*** Dataset

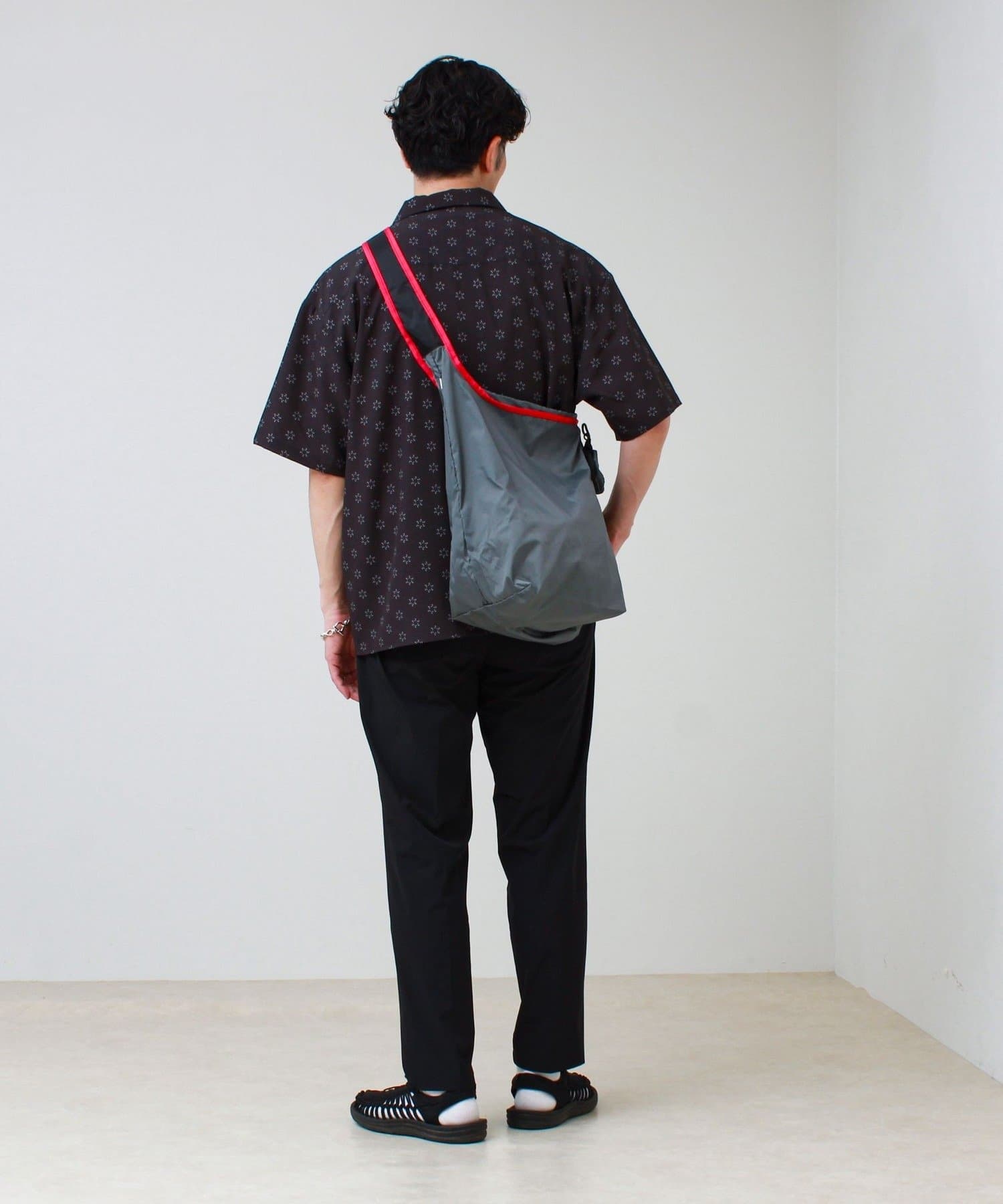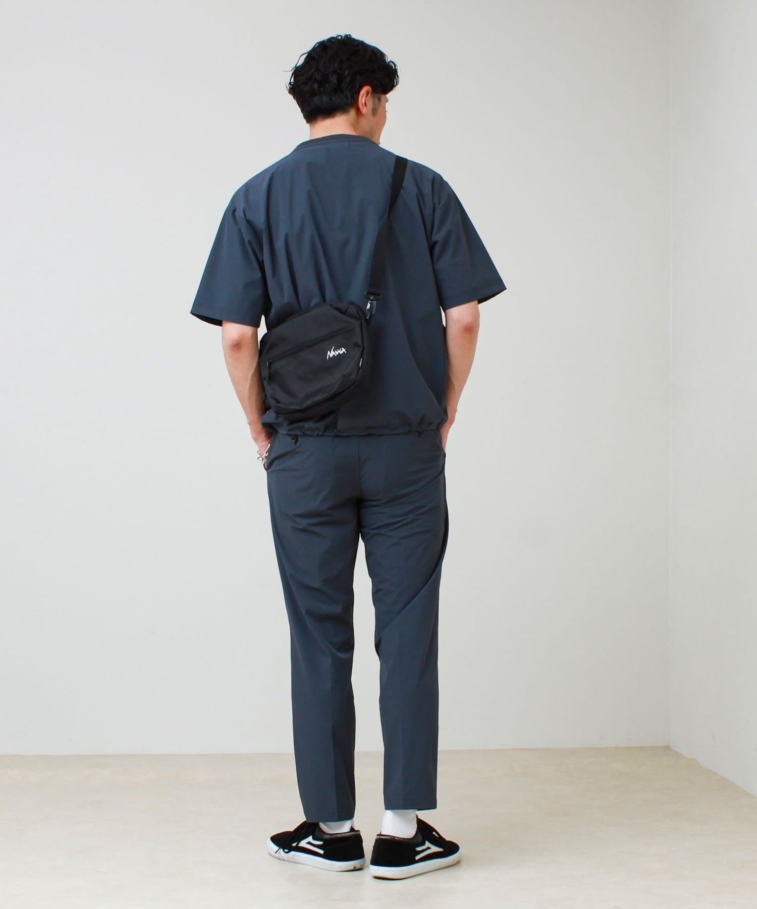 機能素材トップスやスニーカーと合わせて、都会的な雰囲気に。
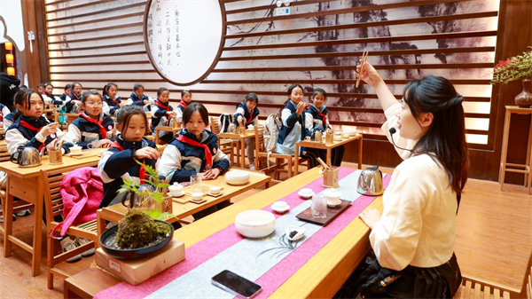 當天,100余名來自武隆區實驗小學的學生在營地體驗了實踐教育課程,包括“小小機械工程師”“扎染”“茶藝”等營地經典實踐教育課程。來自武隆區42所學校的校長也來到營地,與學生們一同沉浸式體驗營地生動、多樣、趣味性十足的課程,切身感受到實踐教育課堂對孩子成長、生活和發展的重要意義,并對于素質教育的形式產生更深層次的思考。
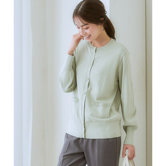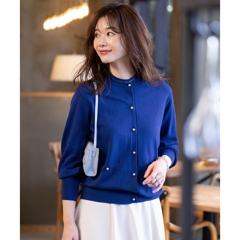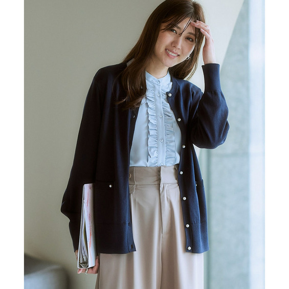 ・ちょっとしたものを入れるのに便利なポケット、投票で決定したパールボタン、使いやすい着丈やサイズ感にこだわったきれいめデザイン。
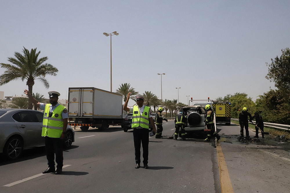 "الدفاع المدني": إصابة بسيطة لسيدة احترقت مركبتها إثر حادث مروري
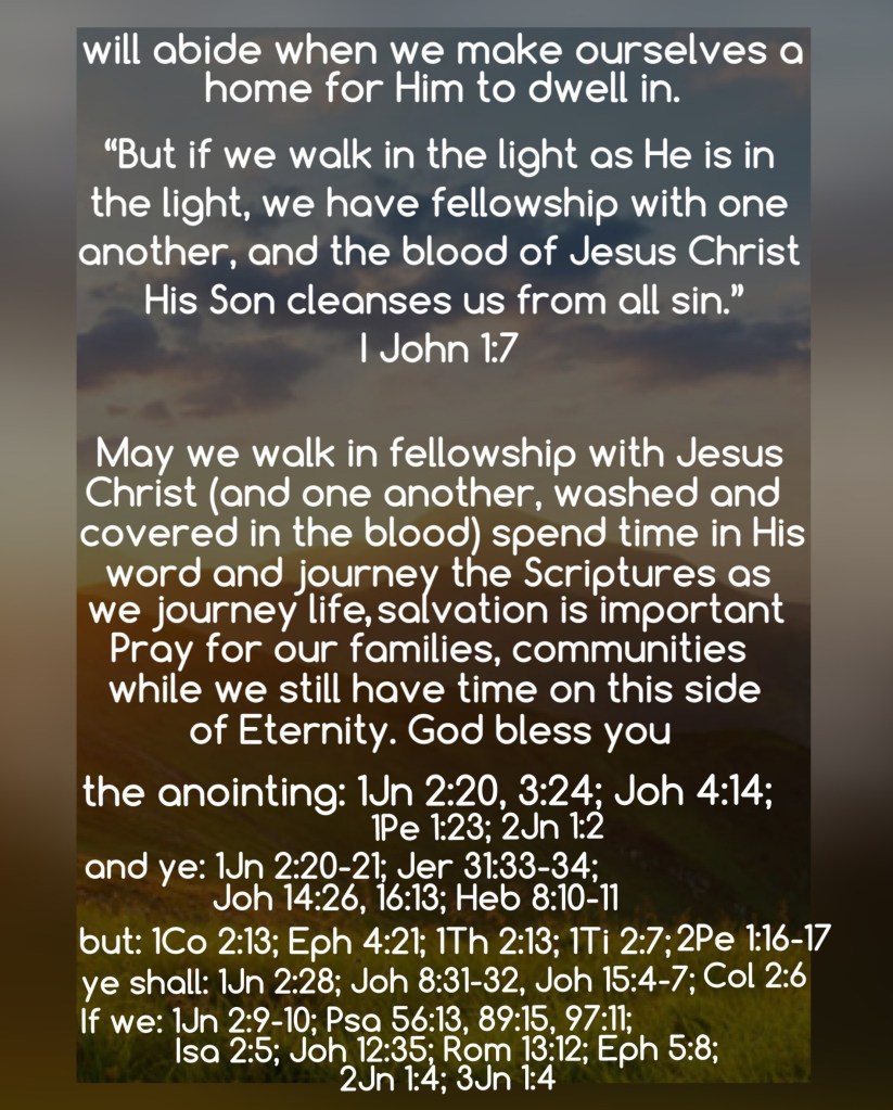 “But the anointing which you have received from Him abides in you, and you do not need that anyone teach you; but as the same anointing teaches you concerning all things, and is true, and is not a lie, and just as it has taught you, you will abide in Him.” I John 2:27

******
*** Dataset

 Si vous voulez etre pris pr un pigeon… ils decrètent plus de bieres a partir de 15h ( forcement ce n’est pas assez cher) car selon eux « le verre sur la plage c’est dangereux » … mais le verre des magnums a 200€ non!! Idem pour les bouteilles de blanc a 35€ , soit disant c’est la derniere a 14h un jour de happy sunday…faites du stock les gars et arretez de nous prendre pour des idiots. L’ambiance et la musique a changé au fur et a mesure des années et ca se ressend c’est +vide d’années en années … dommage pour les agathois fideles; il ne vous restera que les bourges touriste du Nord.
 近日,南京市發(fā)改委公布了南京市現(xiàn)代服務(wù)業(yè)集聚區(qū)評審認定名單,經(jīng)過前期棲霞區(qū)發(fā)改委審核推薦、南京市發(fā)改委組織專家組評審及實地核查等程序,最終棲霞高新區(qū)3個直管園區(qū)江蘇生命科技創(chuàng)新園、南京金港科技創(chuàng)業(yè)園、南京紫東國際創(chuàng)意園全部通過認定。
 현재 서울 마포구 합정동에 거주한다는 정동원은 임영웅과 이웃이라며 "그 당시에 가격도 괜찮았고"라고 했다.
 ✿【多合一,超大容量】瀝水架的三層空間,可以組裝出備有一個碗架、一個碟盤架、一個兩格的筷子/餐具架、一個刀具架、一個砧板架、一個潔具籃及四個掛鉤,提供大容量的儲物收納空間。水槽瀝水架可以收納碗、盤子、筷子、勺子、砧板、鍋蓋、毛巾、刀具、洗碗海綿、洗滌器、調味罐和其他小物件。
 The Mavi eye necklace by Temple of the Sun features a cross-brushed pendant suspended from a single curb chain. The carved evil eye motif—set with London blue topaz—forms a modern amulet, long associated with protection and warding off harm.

******
*** Dataset

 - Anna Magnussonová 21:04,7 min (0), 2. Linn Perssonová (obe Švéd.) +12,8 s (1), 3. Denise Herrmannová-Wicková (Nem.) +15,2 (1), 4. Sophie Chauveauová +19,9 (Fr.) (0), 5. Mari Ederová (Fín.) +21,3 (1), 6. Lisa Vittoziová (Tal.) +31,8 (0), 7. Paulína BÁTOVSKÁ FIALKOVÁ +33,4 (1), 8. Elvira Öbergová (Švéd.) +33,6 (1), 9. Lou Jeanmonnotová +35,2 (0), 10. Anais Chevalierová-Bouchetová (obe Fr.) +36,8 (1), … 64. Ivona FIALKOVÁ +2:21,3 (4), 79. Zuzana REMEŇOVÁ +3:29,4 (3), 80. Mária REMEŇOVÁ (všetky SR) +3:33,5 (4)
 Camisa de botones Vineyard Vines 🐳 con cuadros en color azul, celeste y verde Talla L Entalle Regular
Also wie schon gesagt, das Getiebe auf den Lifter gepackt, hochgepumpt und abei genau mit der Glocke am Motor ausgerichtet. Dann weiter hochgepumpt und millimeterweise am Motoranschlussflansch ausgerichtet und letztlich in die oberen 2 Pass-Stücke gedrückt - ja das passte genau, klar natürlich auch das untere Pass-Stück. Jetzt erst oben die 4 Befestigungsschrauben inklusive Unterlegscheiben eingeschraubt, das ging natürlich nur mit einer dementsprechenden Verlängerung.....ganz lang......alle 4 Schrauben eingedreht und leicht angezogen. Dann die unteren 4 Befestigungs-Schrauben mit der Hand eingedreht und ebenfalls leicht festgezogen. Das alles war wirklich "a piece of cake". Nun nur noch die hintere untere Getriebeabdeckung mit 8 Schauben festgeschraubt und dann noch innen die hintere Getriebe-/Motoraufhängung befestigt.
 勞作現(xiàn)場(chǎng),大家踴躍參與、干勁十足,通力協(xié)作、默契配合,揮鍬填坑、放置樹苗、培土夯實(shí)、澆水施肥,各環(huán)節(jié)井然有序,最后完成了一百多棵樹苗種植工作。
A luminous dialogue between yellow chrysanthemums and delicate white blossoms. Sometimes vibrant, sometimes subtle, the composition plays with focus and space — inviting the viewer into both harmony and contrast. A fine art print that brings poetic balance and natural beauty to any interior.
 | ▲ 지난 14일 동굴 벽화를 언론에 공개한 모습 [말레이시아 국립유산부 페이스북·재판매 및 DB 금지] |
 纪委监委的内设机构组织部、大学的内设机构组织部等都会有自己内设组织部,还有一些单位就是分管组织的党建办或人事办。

******

# [Task item]
Lines to set down from above: the line with "Also wie schon", the line with "纪委监委的内设机构组织部、大", and every line between, each exactly as written.

# [Output for this exercise]
Also wie schon gesagt, das Getiebe auf den Lifter gepackt, hochgepumpt und abei genau mit der Glocke am Motor ausgerichtet. Dann weiter hochgepumpt und millimeterweise am Motoranschlussflansch ausgerichtet und letztlich in die oberen 2 Pass-Stücke gedrückt - ja das passte genau, klar natürlich auch das untere Pass-Stück. Jetzt erst oben die 4 Befestigungsschrauben inklusive Unterlegscheiben eingeschraubt, das ging natürlich nur mit einer dementsprechenden Verlängerung.....ganz lang......alle 4 Schrauben eingedreht und leicht angezogen. Dann die unteren 4 Befestigungs-Schrauben mit der Hand eingedreht und ebenfalls leicht festgezogen. Das alles war wirklich "a piece of cake". Nun nur noch die hintere untere Getriebeabdeckung mit 8 Schauben festgeschraubt und dann noch innen die hintere Getriebe-/Motoraufhängung befestigt.
 勞作現(xiàn)場(chǎng),大家踴躍參與、干勁十足,通力協(xié)作、默契配合,揮鍬填坑、放置樹苗、培土夯實(shí)、澆水施肥,各環(huán)節(jié)井然有序,最后完成了一百多棵樹苗種植工作。
A luminous dialogue between yellow chrysanthemums and delicate white blossoms. Sometimes vibrant, sometimes subtle, the composition plays with focus and space — inviting the viewer into both harmony and contrast. A fine art print that brings poetic balance and natural beauty to any interior.
 | ▲ 지난 14일 동굴 벽화를 언론에 공개한 모습 [말레이시아 국립유산부 페이스북·재판매 및 DB 금지] |
 纪委监委的内设机构组织部、大学的内设机构组织部等都会有自己内设组织部,还有一些单位就是分管组织的党建办或人事办。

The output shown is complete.